School officials sent a memo last week explaining the new voluntary pet benefit available via payroll deduction through the private company Veterinary Pet Insurance.

And it's not like the college's pet insurance scheme is restricted to just dogs and cats.

Full-time college employees can receive a 5 percent discount on services because of the college's enrollment in the program, which covers dogs and cats, but also hedgehogs, frogs, guinea pigs, geckos, iguanas and sugar gliders - small flying mammals native to Australia.
You can buy college sponsored health insurance for a frog. But your adult human partner? Well that's a different story, and it was a conscious decision on the part of the college trustees.

In August, PBCC trustees voted down a proposal to allow the domestic partners of full-time employees to receive insurance benefits. The plan wouldn't have cost the school anything because it pays employee premiums only, not those of dependents.
Now the kicker. (Yes, it gets a little worse). The pet health insurance plan (which insures frogs) was made available a mere 90 days after the trustees rejected the option for insuring domestic partners.

The college trustees apparently had a concern.

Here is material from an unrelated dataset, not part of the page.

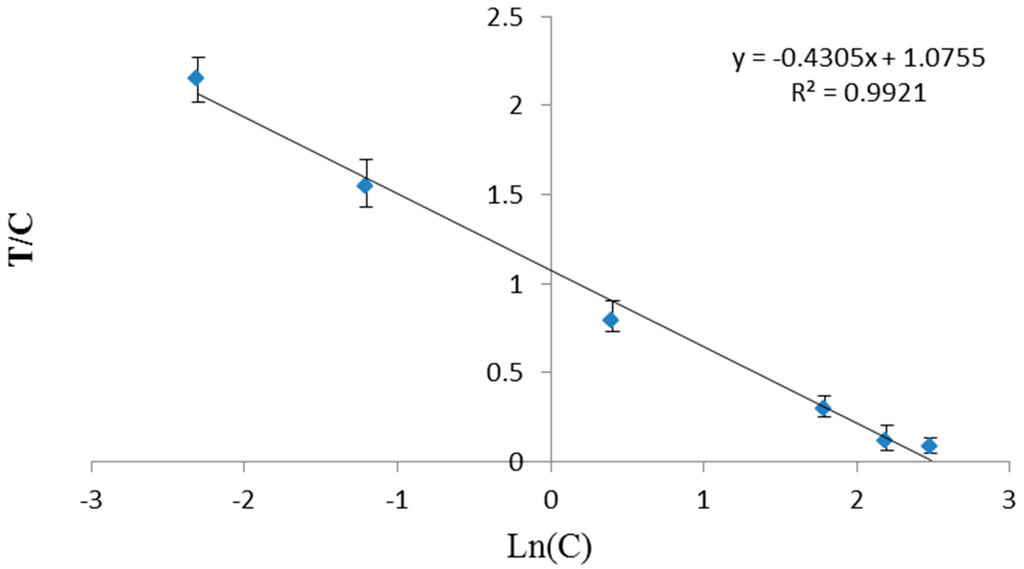 AFB1-free sample extracts spiked with AFB1 standard solutions of 0.1, 0.3, 1.5, 6.0, 9.0, and 12.0 µg·kg−1, were analyzed with the IC strip test to estimate the sensitivity and linear range of the method, respectively. The fluorescent intensities from the T and C lines were recorded as (T) and (C), respectively, using portable TRFIA. The ratio of the value (T) to the value (C) was calculated as the signal ratio (Y). A calibration curve was fitted and expressed as Y versus the natural log of the AFB1 concentration (CAFB1) [27]:

[Grace] Truman, [PBCC spokesperson] said trustees weren't concerned about costs to the college, but potential long-term increases for employees because of additional enrollees in the group plan.
That's weird. Maybe it's just me but I have always understood that the more enrollees in a plan, the cheaper it got for each member. Silly me for thinking that way.

Palm Beach Community College now joins the ranks of Home Depot, Sprint, Ecolab and Waste Management, all of whom offered pet health insurance and had to be pressured into providing the same option for domestic partners.

For more on this sick form of disconnect, head on over to Pam's House Blend.

And, oh yes, if Palm Beach Community College had ever seen what my two male terriers liked to do for fun, they probably wouldn't have insured them either.